For one week, British writer Anna Maxted, a mother of three boys, exchanged her time at her writing desk for the chores-are-never-done domestic life as a '50s housewife.
Goodbye, Liz Lemon. Hello, Betty Draper and June Cleaver.
In a piece written for the Daily Mail, Maxted write sthat she was inspired by Virginia Nicholson’s book, Perfect Wives in Ideal Homes: The Story of Women in the Fifties.
“From today’s vantage point, the Fifties often seem bathed in a rosy nostalgic glow. It was, after all, an era of stay-at-home mums and strong family values,” she explains.
“Sometimes, in these confused, emancipated times, with the constant blurring of gender roles and domestic squabbles, it’s tempting to hark back to an era that seemed so straight forward.”
Maxted started rising earlier, packing her sons’ lunches, ironing their clothes, making her husband’s breakfast — her poor oatmeal-making skills didn’t win her any points in that area — and launching into a rigorous cleaning schedule: beating the carpets, washing the curtains, “turning out” the rooms, and scrubbing the floors.
She then did the laundry — by hand. (And opted to ignore washing the sheets until the experiment was over. Wise woman.)
And while her homemade jam earned rave reviews with her sons — she admits that the gratefulness expressed by her kids for her doting and domestic efforts “feels strangely powerful” — she writes that “once the euphoria of domestic success wears off, I become brittle with irritability and loneliness.”
Her turn as a housewife doesn’t do much for her marriage, either.
“It’s been depressing, this week, to realize that it’s not my place to chip in with an opinion, and to feel like his servant, rather than his soul mate. The novelty of subservience was briefly amusing, but it wore off fast,” she concludes at the end of the week-long experiment.
“And the truth is, Phil hasn’t enjoyed it either. He says he has felt helpless and useless; a spare part in his own home. He loves looking after his family, cooking us meals. He doesn’t want to be aloof. Playing these roles, far from bringing us together, him-Tarzan, me-Jane style, has made us both feel alone and detached.”
“So it was with glee that I rejoined my 2015. I actually cannot wait for our first argument over the dishwasher.”
Not every woman who has tried this experience has come to the same conclusion.
Last summer, British housewife Mandy Jones, 49, claimed that adopting a back-in-time lifestyle saved her marriage and that adopting traditional gender roles — which include darning your husband’s socks and having dinner ready (in a ’50s diner-style kitchen, of course) when he gets home — was a sure-fire way to keep your man happy.
“1950s marriages definitely work better than marriages these days,” she told the Daily Mail at the time. “The divorce rate is so high at the moment and it never used to be in the past. We should all take advice from our grandparents and start living the '50s way.”

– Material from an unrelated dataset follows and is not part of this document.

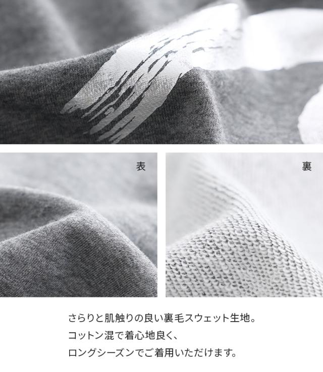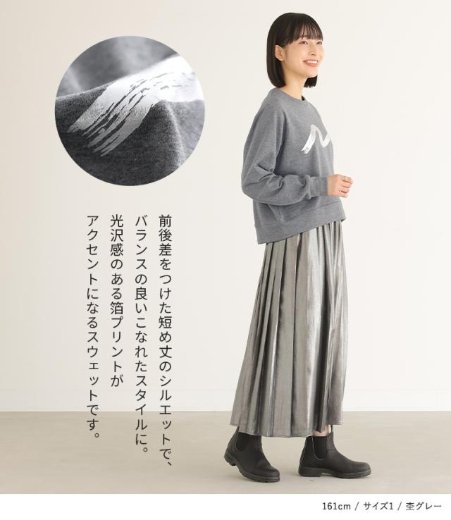 【SALE】『箔プリント裏毛スウェット』【メール便不可】【20】[スウェット 長袖 レディース トップス トレーナー 裏毛 カットソー 箔 プリント ショート丈 クルーネック 綿混 ロングシーズン]

Instead of drinking together, Jones and her husband, Gary, would put on the jukebox and do a quick Lindy Hop. Or they’d drive to local vintage fairs, while decked out in their '50s finest, in their 1949 Chevrolet.
(It should be noted that the couple bonded over their love of rockabilly and vintage fashion when they first met. Not all husbands would be up for wearing wide lapels and slicking back their hair.)
“It may seem strange and we get the odd nasty comment, but this way of life works for us and has saved our marriage,” Jones said.
In 2010, Toronto blogger Jen from Jen But Never Jenn spent two weeks as a '50s housewife — her experiment was a little more moderate, as she still used the washing machine and still spent a few hours a week working — and found that the greatest benefit the experiment gave her relationship with her husband was the time they spent together away from the distraction of technology.
She vowed to continue prioritizing greeting each another when they got home from work, eating dinner at the table without distractions, and reducing TV time once the experiment concluded.
Gabrielle Moss of Bustle also tried her hand at being Betty Draper for a week, dolling up, brushing up on etiquette rules, wearing nice underwear, and cleaning the bathroom — every day.
When the week ended, she was happy to be living in 2014.
“Going through all these ’50s motions, I sometimes felt like nothing had really changed — instead of being expected to have dinner waiting for our man, we’re supposed to somehow lean in, helicopter parent, and go to Pilates nine times a week, which isn’t exactly a huge leap forward,” Moss concluded. “But at least now women get to be who they actually are. The standards of a ‘perfect woman’ are still unrelentingly brutal, and we still beat ourselves up for falling short of them, but by God, at least we have some choice in the matter now. At least we’re not born with our future of pink ruffle panties and making a man feel ‘like a king’ laid out in front of us.”
The idea of a simpler life, without today’s attractions, sounds appealing —eating dinner together as a family is important — but I also like being a wife in 2015: sock-darning is impractical and floor-polishing can wait. (And my husband is way better at making breakfast than I am.)
Could you handle a living-in-the-past experiment? What about living in the '50s appeals to you — or scares you?